Chief engineer dies following fire aboard recently refurbished tugboat on Lake Ontario


A tugboat’s chief engineer was killed in a fire on Lake Ontario during the vessel’s first voyage after an ownership change and major refurbishment.

Matthew James Hoban, 49, died after being severely burned in the March 27 blaze aboard Patrice McAllister. Five other crewmembers were treated for minor injuries.

The 4,400-hp tug, formerly known as Cleveland, was en route to its new Staten Island, N.Y., homeport for the first time after McAllister Towing acquired the U.S.-flagged vessel. At about 0300, Patrice McAllister caught fire about four miles southeast of Point Petre, Ontario, said Christian Cafiti, a rescue coordinator with the Joint Rescue Coordination Centre at Trenton, Ontario.

“Our initial report was an engine fire,” Cafiti said. “The crew did try to put it out, but they were unable to put it out. After that, McAllister Towing hired a salvage vessel to tow the (tugboat).”

A Canadian armed forces helicopter airlifted the severely burned engineer to a hospital in Belleville, Ontario, Cafiti said. The Canadian Coast Guard cutter Cape Hearne evacuated the master, mate, first engineer and two deck hands. They were treated at a Kingston, Ontario, hospital and released.

That same day, Hoban was transferred to a Toronto burn unit, where he was pronounced dead. An autopsy was performed by the Toronto East Regional Coroner’s Office. Results will not be made public, said coroner’s spokeswoman Cheryl Mahyr.
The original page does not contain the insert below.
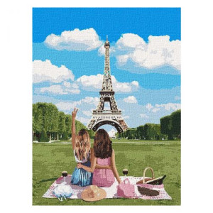 Картина по номерам 'Подружки в Париже'. Для того чтобы нарисовать картину, необходимо рисовать по пронумерованным контурам, которые соответствуют цвету краски. В наборе: натуральный холст на подрамнике с галерейной натяжкой, бумажная копия с контурным рисунком картины (на картине нанесена схема контуров изображения с нумерацией), 3 нейлоновые художественные кисти, палитра акриловых красок в контейнерах. Все необходимые краски уже в комплекте и не требуют смешивания. Размер: 40 х 50 см. Количество цветов: 24. Сложность - ★★★★.

After McAllister bought the tug from Laken Shipping in January, the company ordered two months of work on the 13-year-old boat at a shipyard in Toledo, Ohio.

“She underwent major upgrades and engine overhauls to prepare her for duty on the East Coast,” McAllister said in a statement.

The renamed Patrice McAllister had an Enhanced Seaway Inspection by Canadian officials at Port Colborne, Ontario, on the evening of March 26, the company said. After the fire disabled the tugboat, the still-smoking abandoned vessel was towed to Clayton, N.Y., by the tug Bowditch after a period of cooling and re-flash suppression.

Hoban had more than 20 years experience working on tugs, McAllister’s statement said. Hoban joined McAllister from the previous Cleveland crew and had worked for the New York company for only a couple of weeks.

Hoban, who lived in Cleveland, was a U.S. Navy veteran who had 20 years of experience on tugboats.

“He was hired because of his talent and knowledge of the Patrice, having worked aboard her for many years prior to joining McAllister,” the company’s statement said.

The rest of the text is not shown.